Exercise goal: Scanning the entries below, copy every line that contains the word "Size".

(Dataset excerpts)
┄┄┄┄┄┄┄┄┄┄
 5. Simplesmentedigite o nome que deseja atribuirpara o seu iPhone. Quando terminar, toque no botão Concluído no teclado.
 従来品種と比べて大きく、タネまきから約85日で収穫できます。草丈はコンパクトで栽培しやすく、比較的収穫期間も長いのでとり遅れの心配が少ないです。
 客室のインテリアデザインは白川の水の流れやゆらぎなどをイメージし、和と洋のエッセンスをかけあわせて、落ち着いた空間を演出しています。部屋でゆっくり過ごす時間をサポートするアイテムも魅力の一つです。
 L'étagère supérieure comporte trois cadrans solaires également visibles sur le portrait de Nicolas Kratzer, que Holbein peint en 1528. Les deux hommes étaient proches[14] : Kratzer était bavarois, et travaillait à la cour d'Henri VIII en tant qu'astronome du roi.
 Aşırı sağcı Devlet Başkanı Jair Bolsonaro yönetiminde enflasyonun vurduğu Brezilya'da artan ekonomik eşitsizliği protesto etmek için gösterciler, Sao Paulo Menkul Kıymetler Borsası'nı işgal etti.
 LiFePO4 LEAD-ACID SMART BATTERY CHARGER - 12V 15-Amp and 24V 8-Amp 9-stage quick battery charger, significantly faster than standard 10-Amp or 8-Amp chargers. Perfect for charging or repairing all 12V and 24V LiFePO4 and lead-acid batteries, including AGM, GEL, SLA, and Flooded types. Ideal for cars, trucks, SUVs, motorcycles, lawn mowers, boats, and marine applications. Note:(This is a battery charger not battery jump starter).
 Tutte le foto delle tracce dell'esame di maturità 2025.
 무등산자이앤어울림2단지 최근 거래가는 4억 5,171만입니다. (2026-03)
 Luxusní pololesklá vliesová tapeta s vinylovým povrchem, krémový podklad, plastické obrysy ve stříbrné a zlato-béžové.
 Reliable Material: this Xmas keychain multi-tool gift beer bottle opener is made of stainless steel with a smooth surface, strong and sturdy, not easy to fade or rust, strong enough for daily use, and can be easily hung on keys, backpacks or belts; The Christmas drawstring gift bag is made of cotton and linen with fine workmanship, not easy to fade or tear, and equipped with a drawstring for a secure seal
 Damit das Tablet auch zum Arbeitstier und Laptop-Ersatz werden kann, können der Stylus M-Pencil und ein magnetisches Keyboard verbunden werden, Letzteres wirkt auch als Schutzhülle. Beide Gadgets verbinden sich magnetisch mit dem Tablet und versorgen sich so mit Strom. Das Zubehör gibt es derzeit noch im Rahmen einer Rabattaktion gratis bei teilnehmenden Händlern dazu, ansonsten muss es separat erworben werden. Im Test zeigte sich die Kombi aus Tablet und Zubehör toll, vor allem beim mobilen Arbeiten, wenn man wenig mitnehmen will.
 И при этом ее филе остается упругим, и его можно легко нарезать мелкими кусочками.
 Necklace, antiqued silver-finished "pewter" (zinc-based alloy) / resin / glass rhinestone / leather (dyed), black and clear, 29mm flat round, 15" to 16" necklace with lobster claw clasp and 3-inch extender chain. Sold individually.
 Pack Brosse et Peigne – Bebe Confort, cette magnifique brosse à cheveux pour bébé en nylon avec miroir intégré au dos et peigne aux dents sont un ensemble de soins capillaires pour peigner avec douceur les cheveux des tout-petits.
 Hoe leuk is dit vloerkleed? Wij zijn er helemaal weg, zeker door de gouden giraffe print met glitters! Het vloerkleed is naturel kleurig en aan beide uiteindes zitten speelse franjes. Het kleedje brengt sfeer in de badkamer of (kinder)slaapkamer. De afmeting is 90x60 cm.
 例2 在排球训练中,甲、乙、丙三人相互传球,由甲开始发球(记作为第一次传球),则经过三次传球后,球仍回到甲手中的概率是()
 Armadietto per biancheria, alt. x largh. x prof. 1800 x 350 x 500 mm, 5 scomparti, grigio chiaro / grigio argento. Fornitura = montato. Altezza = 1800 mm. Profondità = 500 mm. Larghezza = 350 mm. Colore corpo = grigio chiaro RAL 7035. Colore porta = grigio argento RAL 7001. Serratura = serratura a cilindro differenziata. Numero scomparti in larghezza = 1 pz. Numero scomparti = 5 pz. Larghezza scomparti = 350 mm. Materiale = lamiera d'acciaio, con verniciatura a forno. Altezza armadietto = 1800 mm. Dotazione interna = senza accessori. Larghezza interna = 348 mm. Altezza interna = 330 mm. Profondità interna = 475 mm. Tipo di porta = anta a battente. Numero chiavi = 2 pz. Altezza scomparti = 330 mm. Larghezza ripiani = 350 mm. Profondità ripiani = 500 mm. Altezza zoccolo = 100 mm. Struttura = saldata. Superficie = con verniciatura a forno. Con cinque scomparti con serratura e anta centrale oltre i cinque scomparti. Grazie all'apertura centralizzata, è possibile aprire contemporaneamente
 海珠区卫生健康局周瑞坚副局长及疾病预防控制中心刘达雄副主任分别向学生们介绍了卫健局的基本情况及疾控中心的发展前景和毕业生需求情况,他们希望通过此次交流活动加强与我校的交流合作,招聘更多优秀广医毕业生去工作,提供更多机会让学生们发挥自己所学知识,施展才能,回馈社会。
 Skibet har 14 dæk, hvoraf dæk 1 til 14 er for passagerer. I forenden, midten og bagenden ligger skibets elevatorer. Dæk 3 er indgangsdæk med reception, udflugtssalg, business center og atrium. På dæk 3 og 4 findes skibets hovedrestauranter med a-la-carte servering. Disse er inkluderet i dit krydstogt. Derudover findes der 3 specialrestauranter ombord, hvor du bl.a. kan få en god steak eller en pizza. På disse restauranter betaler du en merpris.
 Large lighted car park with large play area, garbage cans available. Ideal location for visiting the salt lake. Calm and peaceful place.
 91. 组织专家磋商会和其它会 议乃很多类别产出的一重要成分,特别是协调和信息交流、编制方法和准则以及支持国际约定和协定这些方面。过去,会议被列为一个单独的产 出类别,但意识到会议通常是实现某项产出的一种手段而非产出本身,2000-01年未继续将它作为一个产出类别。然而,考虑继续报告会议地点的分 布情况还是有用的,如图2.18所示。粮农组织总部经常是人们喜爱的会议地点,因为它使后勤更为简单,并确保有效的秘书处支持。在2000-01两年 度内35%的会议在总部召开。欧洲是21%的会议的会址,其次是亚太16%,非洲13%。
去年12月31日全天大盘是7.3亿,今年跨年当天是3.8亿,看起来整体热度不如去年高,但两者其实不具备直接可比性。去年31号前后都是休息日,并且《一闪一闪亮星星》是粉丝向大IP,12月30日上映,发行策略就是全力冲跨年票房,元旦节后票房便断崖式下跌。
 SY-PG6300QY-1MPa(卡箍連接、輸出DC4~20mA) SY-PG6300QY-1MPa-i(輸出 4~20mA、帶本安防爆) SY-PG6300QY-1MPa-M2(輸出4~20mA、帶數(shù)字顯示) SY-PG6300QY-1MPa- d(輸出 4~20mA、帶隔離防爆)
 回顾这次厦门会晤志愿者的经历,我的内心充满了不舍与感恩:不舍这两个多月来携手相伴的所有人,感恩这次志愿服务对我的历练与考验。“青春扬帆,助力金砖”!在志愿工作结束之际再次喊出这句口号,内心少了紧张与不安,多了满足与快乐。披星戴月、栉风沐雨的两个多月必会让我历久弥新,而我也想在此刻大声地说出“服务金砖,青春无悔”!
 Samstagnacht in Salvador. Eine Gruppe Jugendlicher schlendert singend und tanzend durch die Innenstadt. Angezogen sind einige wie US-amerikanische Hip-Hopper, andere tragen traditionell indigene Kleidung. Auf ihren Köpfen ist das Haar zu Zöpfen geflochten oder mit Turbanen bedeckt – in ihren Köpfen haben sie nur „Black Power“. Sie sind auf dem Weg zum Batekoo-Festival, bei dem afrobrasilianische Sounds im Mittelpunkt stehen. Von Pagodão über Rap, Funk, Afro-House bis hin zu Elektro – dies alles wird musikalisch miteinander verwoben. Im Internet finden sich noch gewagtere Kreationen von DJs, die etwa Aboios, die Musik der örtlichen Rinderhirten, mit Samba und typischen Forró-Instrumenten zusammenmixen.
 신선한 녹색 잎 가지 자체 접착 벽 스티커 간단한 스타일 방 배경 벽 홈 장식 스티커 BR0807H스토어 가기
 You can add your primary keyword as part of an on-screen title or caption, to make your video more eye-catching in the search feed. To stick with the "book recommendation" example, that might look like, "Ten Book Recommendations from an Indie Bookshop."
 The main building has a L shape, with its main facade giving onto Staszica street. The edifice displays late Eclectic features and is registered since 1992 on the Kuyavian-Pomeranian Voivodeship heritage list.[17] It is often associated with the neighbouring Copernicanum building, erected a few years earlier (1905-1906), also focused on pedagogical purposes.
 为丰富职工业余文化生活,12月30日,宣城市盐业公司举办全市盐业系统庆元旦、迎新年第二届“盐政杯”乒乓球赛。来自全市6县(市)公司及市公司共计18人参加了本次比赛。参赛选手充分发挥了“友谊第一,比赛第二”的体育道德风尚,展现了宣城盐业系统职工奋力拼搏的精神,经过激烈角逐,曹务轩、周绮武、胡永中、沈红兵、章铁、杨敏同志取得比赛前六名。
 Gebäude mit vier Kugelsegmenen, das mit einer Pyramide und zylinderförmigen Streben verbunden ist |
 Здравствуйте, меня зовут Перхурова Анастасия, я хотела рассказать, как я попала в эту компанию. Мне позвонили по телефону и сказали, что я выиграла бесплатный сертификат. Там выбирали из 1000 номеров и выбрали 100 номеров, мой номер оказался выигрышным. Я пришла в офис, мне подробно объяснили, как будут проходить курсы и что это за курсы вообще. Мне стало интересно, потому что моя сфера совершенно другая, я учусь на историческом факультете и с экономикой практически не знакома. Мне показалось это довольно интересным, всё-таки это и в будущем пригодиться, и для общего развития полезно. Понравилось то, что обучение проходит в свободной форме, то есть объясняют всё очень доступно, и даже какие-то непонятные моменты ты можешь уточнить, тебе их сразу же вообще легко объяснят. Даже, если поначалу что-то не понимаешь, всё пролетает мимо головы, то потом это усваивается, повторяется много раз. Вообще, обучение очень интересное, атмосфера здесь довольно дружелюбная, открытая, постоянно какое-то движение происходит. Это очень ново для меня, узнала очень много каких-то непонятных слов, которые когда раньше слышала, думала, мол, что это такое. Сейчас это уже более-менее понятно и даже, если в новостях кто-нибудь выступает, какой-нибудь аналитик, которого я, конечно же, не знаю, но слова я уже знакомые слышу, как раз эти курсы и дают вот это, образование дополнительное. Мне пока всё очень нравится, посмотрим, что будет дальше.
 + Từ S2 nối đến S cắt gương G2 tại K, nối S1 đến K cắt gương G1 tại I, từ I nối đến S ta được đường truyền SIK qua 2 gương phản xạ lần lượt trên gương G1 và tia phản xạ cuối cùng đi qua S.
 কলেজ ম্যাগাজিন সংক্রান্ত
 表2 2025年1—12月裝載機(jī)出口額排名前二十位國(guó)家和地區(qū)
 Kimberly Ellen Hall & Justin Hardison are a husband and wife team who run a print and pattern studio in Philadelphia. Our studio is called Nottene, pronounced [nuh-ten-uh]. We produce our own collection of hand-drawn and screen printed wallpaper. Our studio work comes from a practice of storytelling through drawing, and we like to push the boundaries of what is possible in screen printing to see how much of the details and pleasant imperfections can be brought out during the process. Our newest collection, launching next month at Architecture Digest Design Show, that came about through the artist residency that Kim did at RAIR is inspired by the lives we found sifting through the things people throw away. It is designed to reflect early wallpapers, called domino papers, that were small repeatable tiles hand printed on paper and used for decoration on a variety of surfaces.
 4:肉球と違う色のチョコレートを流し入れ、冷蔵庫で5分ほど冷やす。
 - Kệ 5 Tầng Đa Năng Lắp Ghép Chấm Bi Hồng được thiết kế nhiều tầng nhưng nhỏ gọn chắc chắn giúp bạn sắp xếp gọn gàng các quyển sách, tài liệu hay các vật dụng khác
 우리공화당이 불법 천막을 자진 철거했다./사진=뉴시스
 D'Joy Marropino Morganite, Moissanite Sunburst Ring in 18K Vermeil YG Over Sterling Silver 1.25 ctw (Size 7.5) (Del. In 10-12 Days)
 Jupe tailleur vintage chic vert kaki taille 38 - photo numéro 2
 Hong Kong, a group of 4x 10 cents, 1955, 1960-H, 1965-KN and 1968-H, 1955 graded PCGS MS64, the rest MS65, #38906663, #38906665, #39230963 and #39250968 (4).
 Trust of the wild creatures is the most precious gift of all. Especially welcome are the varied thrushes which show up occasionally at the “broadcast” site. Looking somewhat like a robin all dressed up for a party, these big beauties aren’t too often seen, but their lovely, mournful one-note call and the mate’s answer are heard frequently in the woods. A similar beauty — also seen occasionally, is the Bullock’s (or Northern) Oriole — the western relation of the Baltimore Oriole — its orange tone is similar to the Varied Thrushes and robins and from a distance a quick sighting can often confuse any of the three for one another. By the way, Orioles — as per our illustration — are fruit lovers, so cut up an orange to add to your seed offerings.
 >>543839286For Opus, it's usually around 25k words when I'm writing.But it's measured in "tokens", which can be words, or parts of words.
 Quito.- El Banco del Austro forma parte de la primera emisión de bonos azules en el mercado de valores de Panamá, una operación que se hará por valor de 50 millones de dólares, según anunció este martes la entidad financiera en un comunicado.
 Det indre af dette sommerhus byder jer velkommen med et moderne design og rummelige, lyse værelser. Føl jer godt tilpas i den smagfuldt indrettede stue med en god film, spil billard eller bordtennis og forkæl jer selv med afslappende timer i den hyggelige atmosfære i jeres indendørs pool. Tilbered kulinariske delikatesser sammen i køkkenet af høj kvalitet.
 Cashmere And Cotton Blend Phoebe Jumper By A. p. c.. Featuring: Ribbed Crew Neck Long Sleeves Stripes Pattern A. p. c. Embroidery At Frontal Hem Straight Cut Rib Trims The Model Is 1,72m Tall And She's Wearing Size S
┄┄┄┄┄┄┄┄┄┄
Response area:
 D'Joy Marropino Morganite, Moissanite Sunburst Ring in 18K Vermeil YG Over Sterling Silver 1.25 ctw (Size 7.5) (Del. In 10-12 Days)
 Cashmere And Cotton Blend Phoebe Jumper By A. p. c.. Featuring: Ribbed Crew Neck Long Sleeves Stripes Pattern A. p. c. Embroidery At Frontal Hem Straight Cut Rib Trims The Model Is 1,72m Tall And She's Wearing Size S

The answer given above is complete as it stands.